▶ WHAT TO DO
Set down the data again word for word. Skip any pictures.

▶ DATA

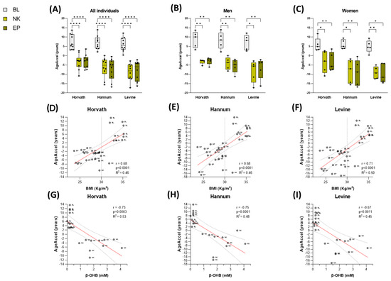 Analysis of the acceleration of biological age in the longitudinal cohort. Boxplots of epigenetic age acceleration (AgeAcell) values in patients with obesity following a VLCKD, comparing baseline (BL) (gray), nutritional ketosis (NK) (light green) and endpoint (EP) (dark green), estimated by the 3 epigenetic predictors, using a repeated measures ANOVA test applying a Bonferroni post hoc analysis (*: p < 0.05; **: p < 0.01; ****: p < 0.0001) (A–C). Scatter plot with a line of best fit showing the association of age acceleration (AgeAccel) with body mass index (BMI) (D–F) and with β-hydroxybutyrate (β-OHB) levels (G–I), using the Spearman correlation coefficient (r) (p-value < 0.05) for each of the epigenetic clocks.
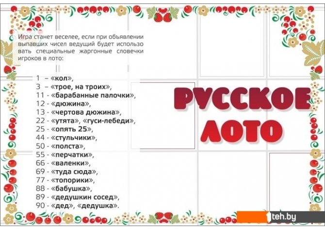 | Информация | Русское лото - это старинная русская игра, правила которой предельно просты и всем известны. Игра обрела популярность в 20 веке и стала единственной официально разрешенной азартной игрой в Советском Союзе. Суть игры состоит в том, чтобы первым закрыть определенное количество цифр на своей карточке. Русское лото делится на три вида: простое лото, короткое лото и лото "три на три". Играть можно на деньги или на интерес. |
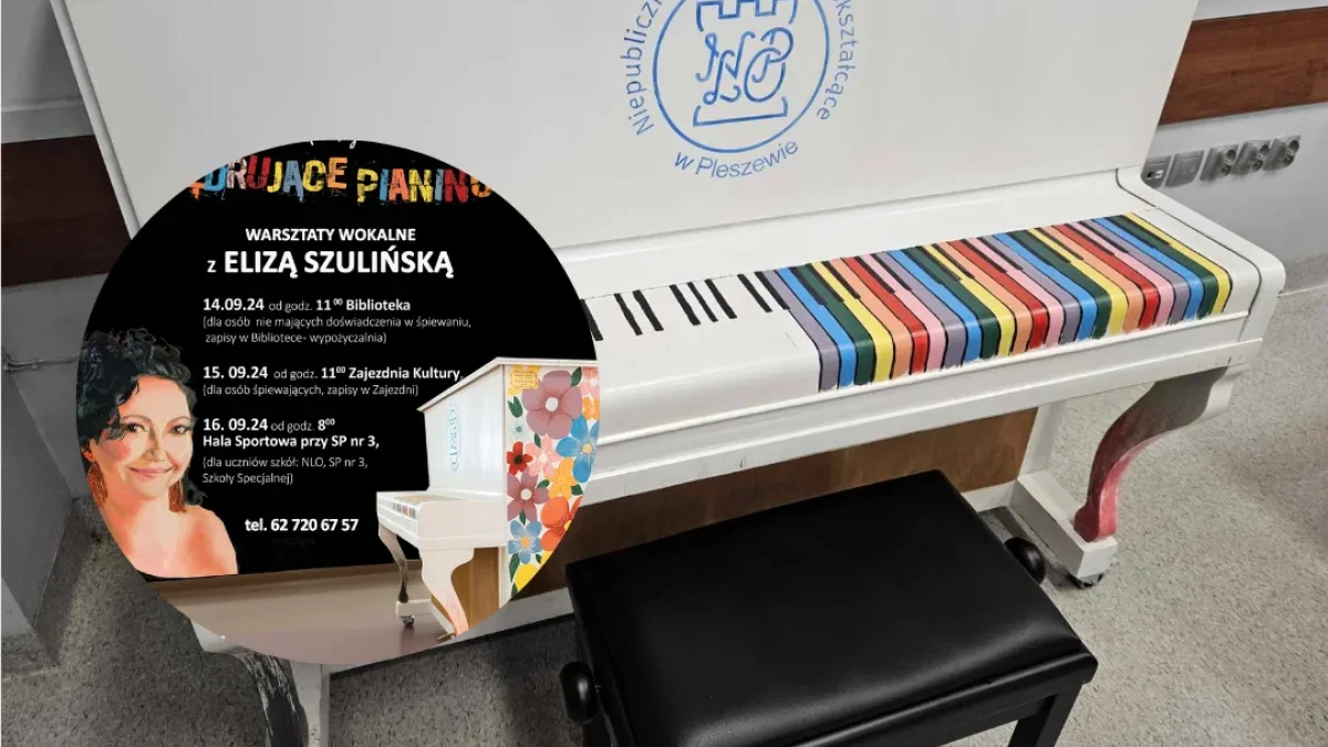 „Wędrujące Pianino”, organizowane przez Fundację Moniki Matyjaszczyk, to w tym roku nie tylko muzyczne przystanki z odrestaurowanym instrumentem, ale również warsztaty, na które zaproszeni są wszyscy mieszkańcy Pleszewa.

▶ TASK ANSWER
 Analysis of the acceleration of biological age in the longitudinal cohort. Boxplots of epigenetic age acceleration (AgeAcell) values in patients with obesity following a VLCKD, comparing baseline (BL) (gray), nutritional ketosis (NK) (light green) and endpoint (EP) (dark green), estimated by the 3 epigenetic predictors, using a repeated measures ANOVA test applying a Bonferroni post hoc analysis (*: p < 0.05; **: p < 0.01; ****: p < 0.0001) (A–C). Scatter plot with a line of best fit showing the association of age acceleration (AgeAccel) with body mass index (BMI) (D–F) and with β-hydroxybutyrate (β-OHB) levels (G–I), using the Spearman correlation coefficient (r) (p-value < 0.05) for each of the epigenetic clocks.
 | Информация | Русское лото - это старинная русская игра, правила которой предельно просты и всем известны. Игра обрела популярность в 20 веке и стала единственной официально разрешенной азартной игрой в Советском Союзе. Суть игры состоит в том, чтобы первым закрыть определенное количество цифр на своей карточке. Русское лото делится на три вида: простое лото, короткое лото и лото "три на три". Играть можно на деньги или на интерес. |
 „Wędrujące Pianino”, organizowane przez Fundację Moniki Matyjaszczyk, to w tym roku nie tylko muzyczne przystanki z odrestaurowanym instrumentem, ale również warsztaty, na które zaproszeni są wszyscy mieszkańcy Pleszewa.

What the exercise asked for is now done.